Thursday, 14 May 2009

OAIS version for public examination

Thanks to David Giaretta for the following information on the state of the revision to OAIS (I have commented earlier on this process):
OAIS version for public examination

Many comments and ideas for clarifications and improvements for OAIS were received as part of its 5 year review process.

These suggestions were reviewed and the proposed dispositions sent to their originators for further comment. This draft version of OAIS contains these and many other improvements and is the candidate for submission to ISO for review. At this stage we are seeking primarily to identify errors rather than further ideas.

The PDF file is available at

Please send corrections to by 15 June 2009

(NB there are some cross-reference errors which will be corrected in the final version)

Shortly after this date the corrected OAIS update will be sent to ISO and in due course this will be released for international review at which point further comments may be submitted.

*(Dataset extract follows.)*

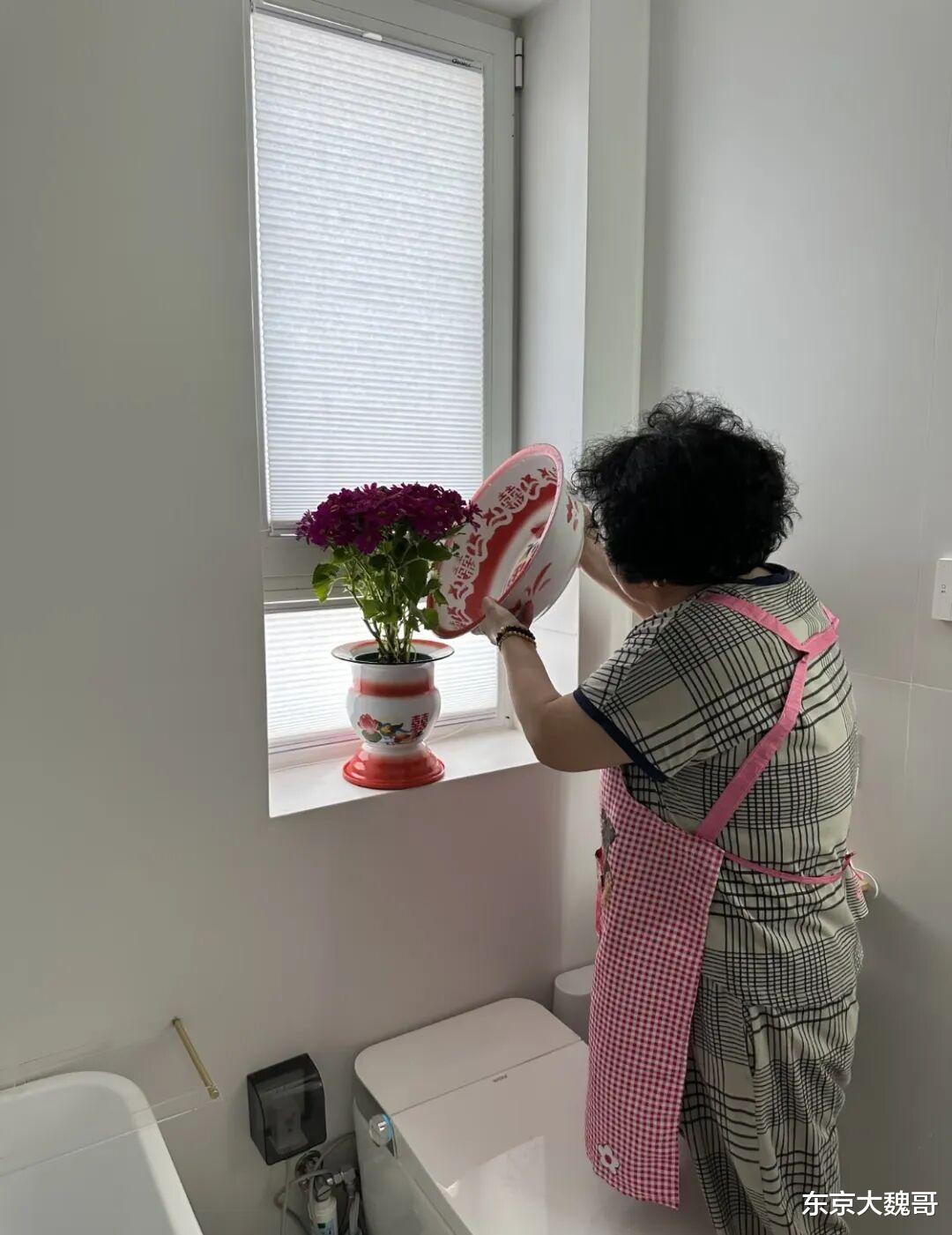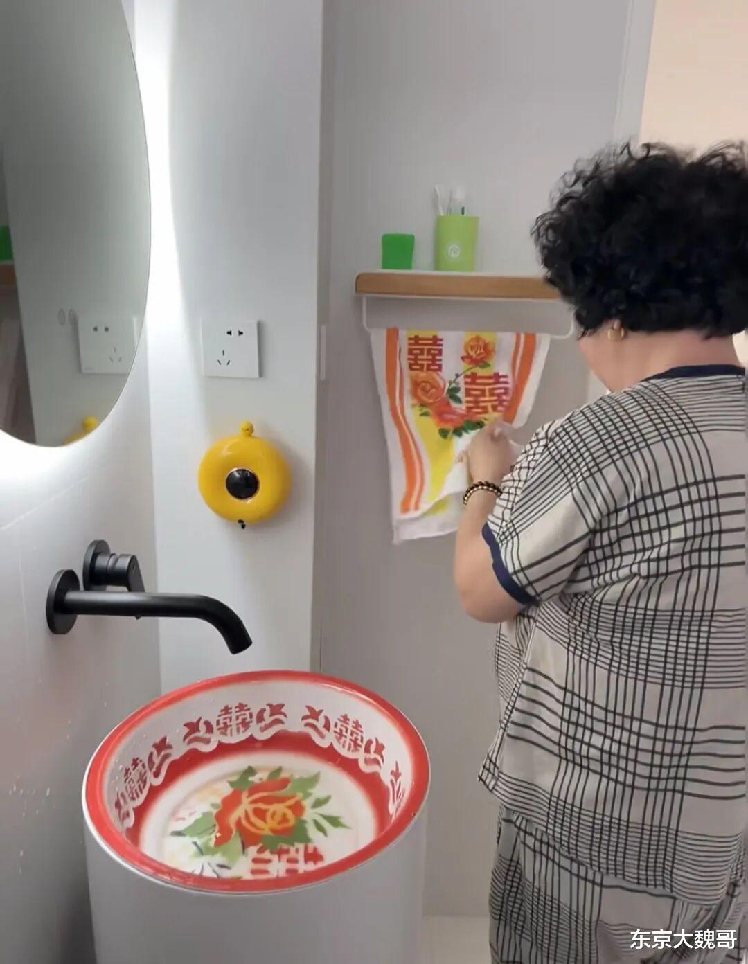可你别说,这个略显突兀的搪瓷盆,愣是让冷冰冰的卫生间多了点生活气。

John Garrett (chair) David Giaretta (deputy-chair)

Tuesday, 5 May 2009

What are data?

Another nice blog post from Peter Murray-Rust, in his "thinking out loud before a presentation" series, from which I quote:
"Different people would have cutoffs at different points on this hierarchy [CR: Data → Information → Knowledge → Wisdom] but I think the following are fairly common attributes of data:
  • it is [sic] distinct from most prose (although some prose would be better recast as data)
  • it is generally a component of a larger information or knowledge structure
  • facts and data are closely related
  • many data are potentially reproducible or unique observations, are not opinions (though different people may produce different data)
  • data, as facts, are not copyrightable.
  • Collections of data and annotated data (data + metadata) may have considerably enhanced value over the individual items.
  • Data can be processed by machine
Here are some statements which provide data:
  • 36 26 38
  • Melting Point: 300 K
  • The reaction product was red
  • my blog page is
and here are some which are not data
  • her work is well respected
  • we thank Dr. XYZZY for the crystals
  • we find this reaction very difficult to perform
I think I mostly agree with that, although it made me think quite hard, and of course at the extreme anything is data for someone (these words are mere data for Blogger or our RSS aggregator or Google, for example). this can get difficult when your mission is to support research data! Our advice from JISC is to recognise the potential ambiguity, be flexible in accepting others, but take our own view in what we create.

Monday, 4 May 2009

New nature corresponding author policy on data

Thanks to Michael Jubb for pointing me to the editorial outlining the new Nature policy:
"Accordingly, we have modified the Nature journal policy on authorship, which is detailed on our website ( For papers submitted by collaborations, we now delineate the responsibilities of the senior members of each collaboration group on the paper. Before submitting the paper, at least one senior member from each collaborating group must take responsibility for their group's contribution. Three major responsibilities are covered: preservation of the original data on which the paper is based, verification that the figures and conclusions accurately reflect the data collected and that manipulations to images are in accordance with Nature journal guidelines (, and minimization of obstacles to sharing materials, data and algorithms through appropriate planning."

This sort of policy from respected journals is seriously good for data curation!

[Updated to enable the Nature tinyurls.]